TO DO => A faithful copy of all the records is needed, with the pictures omitted.

Records from a data source:

*** Block opens ***

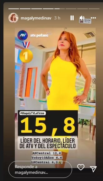 “Líder del horario, líder de ATV y del espectáculo”, publicó Medina en sus historias.
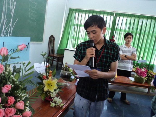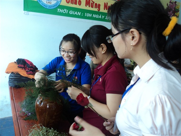 Vào lúc 10 giờ ngày 03 tháng 03 năm 2012, tại phòng D206, Đoàn - Hội sinh viên Khoa Ngoại Ngữ đã tổ chức thành công cuộc thi cắm hoa chào mừng ngày Quốc tế phụ nữ 8/3. Cuộc thi thu hút sự tham gia đông đảo của 10 đội thi đến từ các chi đoàn trong khoa với không khí vui tươi và hào hứng. Mỗi đội đều mang đến cho cuộc thi những tác phẩm hoa đầy màu sắc rực rỡ với nhiều chủ đề hấp dẫn. Ban tổ chức đã trao 1 giải nhất, 1 giải nhì, 1 giải ba, 2 giải khuyến khích cho 5 đội xuất sắc lọt vào vòng trong với phần thuyết trình đầy thuyết phục; đồng thời trao 5 giải phong cách cho các đội còn lại nhằm động viên tinh thần nhiệt tình tham gia các phong trào do Đoàn khoa phát động. Sau đây là một số hình ảnh của cuộc thi:
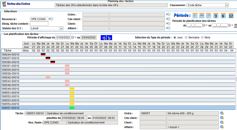 - Les tâches sont jalonnées lors de la création ou de la modification des OFs.
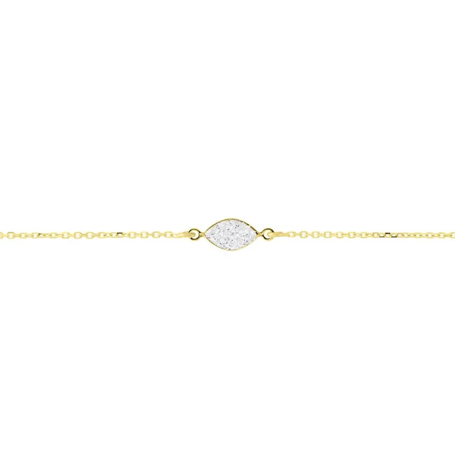 Bracelet Or Jaune 375/1000 Amande Glitter Argente Maille Jaseron 16+2cm
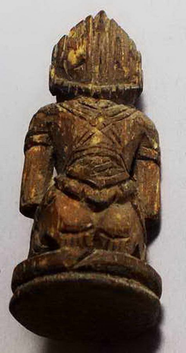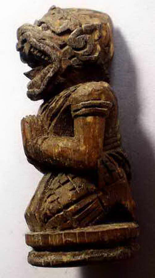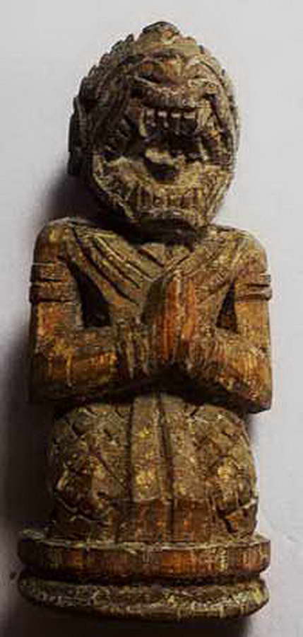 หนุมานไม้แกะเก่า พิมพ์พนมมือ ใต้ฐานลงจารย์
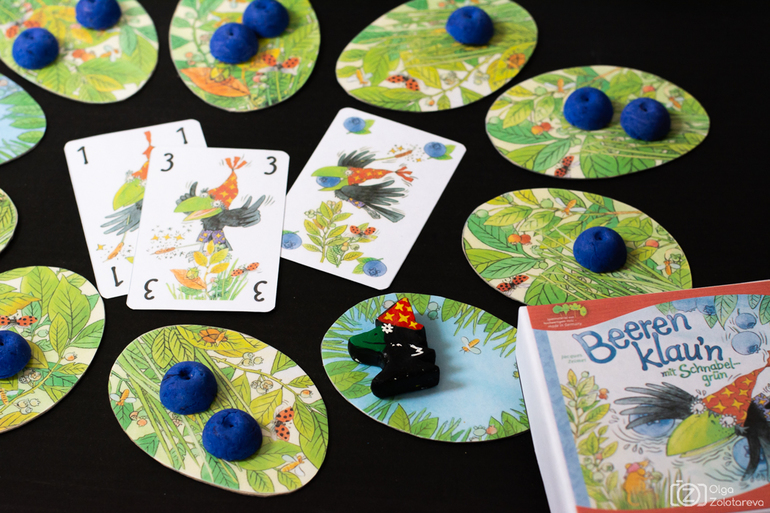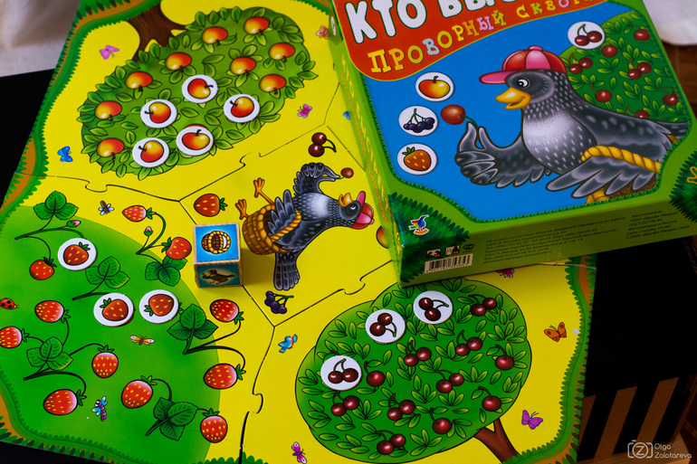 Ягодный воришка. Тоже ходилка и тоже для трехлеток. Ворон ходит по кругу, перепрыгивая с одного овального элемента на другой и собирая ягоды черники в лесу. Количество ходов определяет не кубик здесь, а карта. Есть карта кражи (справа в центре) - можно утащить ягодку у соперника. Участки леса, на которых больше нет ягод, переворачиваются обратной стороной и превращаются в болото. Если ворон приземляется на такое болото, его нужно спасать, жертвуя ягодку из своего запаса. Играем с 3,3 тоже, популярность игры была одно время очень высока, но как-то быстро сошла на нет. Но я часто встречала упоминание этой игры как одной из любимых на протяжении длительного периода.
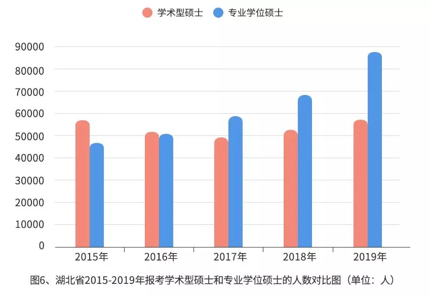 分析:近几年,教育部提出要积极发展专业学位硕士研究生教育,且在招生名额上有所倾斜,因此,报考专业学位硕士的规模逐渐扩大。
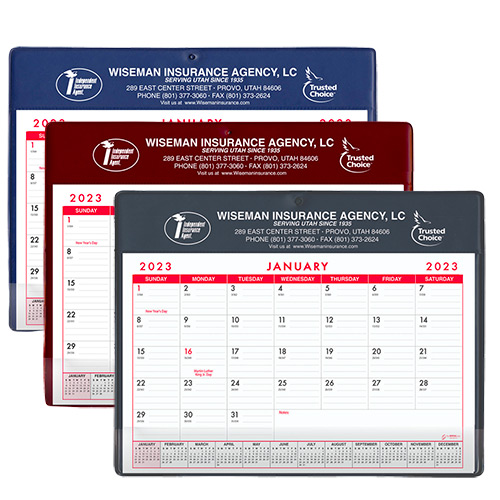 More than just a calendar, this desk accessory doubles as an organizational tool and a lasting reminder of your brand. The sturdy design includes a heavy cardboard backer that keeps the calendar firm and in place, even with frequent use. Proudly made in the USA, these custom desk pad calendars combine function and quality for a polished professional gift.
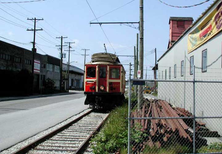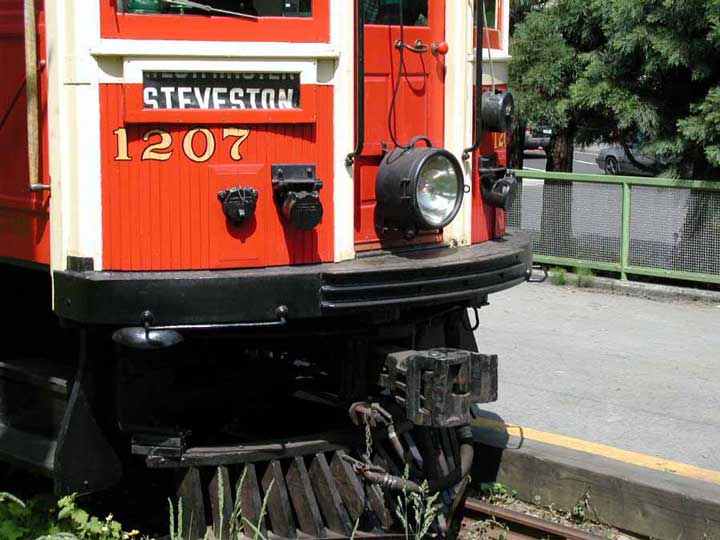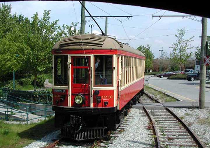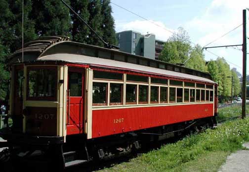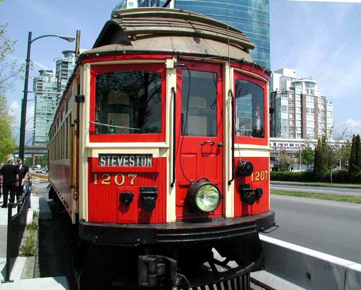 ![]() interurban cars. Volunteers from the group run them on holidays and weekends on a 2.8 km line from Science world, at the end of False Creek, to Granville Island Market. Car 1207 was built in 1905 by The B.C. Electric Railway Co. at the shops in New Westminster. It served the Steveston line from downtown Vancouver through Richmond farmlands to the canneries at Steveston on the Fraser River. This is a wooden-sided car that was retired from active service in 1958.1231 is a 35-ton steel-bodied car built by the St. Louis Car Company in 1913. It carried up to 65 passengers on the Burnaby Lake line between Vancouver and Sapperton. |
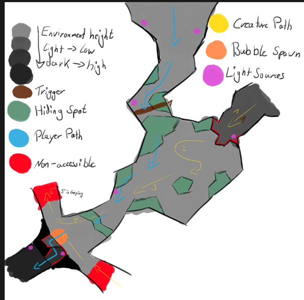 From here,players can choose different paths: one that reintroduces contact with the creature, and another more risky but silent route, introducing a risk/reward design.

*** Block closes ***

EXERCISE OUTPUT =>
 “Líder del horario, líder de ATV y del espectáculo”, publicó Medina en sus historias.
 Vào lúc 10 giờ ngày 03 tháng 03 năm 2012, tại phòng D206, Đoàn - Hội sinh viên Khoa Ngoại Ngữ đã tổ chức thành công cuộc thi cắm hoa chào mừng ngày Quốc tế phụ nữ 8/3. Cuộc thi thu hút sự tham gia đông đảo của 10 đội thi đến từ các chi đoàn trong khoa với không khí vui tươi và hào hứng. Mỗi đội đều mang đến cho cuộc thi những tác phẩm hoa đầy màu sắc rực rỡ với nhiều chủ đề hấp dẫn. Ban tổ chức đã trao 1 giải nhất, 1 giải nhì, 1 giải ba, 2 giải khuyến khích cho 5 đội xuất sắc lọt vào vòng trong với phần thuyết trình đầy thuyết phục; đồng thời trao 5 giải phong cách cho các đội còn lại nhằm động viên tinh thần nhiệt tình tham gia các phong trào do Đoàn khoa phát động. Sau đây là một số hình ảnh của cuộc thi:
 - Les tâches sont jalonnées lors de la création ou de la modification des OFs.
 Bracelet Or Jaune 375/1000 Amande Glitter Argente Maille Jaseron 16+2cm
 หนุมานไม้แกะเก่า พิมพ์พนมมือ ใต้ฐานลงจารย์
 Ягодный воришка. Тоже ходилка и тоже для трехлеток. Ворон ходит по кругу, перепрыгивая с одного овального элемента на другой и собирая ягоды черники в лесу. Количество ходов определяет не кубик здесь, а карта. Есть карта кражи (справа в центре) - можно утащить ягодку у соперника. Участки леса, на которых больше нет ягод, переворачиваются обратной стороной и превращаются в болото. Если ворон приземляется на такое болото, его нужно спасать, жертвуя ягодку из своего запаса. Играем с 3,3 тоже, популярность игры была одно время очень высока, но как-то быстро сошла на нет. Но я часто встречала упоминание этой игры как одной из любимых на протяжении длительного периода.
 分析:近几年,教育部提出要积极发展专业学位硕士研究生教育,且在招生名额上有所倾斜,因此,报考专业学位硕士的规模逐渐扩大。
 More than just a calendar, this desk accessory doubles as an organizational tool and a lasting reminder of your brand. The sturdy design includes a heavy cardboard backer that keeps the calendar firm and in place, even with frequent use. Proudly made in the USA, these custom desk pad calendars combine function and quality for a polished professional gift.
 ![]() interurban cars. Volunteers from the group run them on holidays and weekends on a 2.8 km line from Science world, at the end of False Creek, to Granville Island Market. Car 1207 was built in 1905 by The B.C. Electric Railway Co. at the shops in New Westminster. It served the Steveston line from downtown Vancouver through Richmond farmlands to the canneries at Steveston on the Fraser River. This is a wooden-sided car that was retired from active service in 1958.1231 is a 35-ton steel-bodied car built by the St. Louis Car Company in 1913. It carried up to 65 passengers on the Burnaby Lake line between Vancouver and Sapperton. |
 From here,players can choose different paths: one that reintroduces contact with the creature, and another more risky but silent route, introducing a risk/reward design.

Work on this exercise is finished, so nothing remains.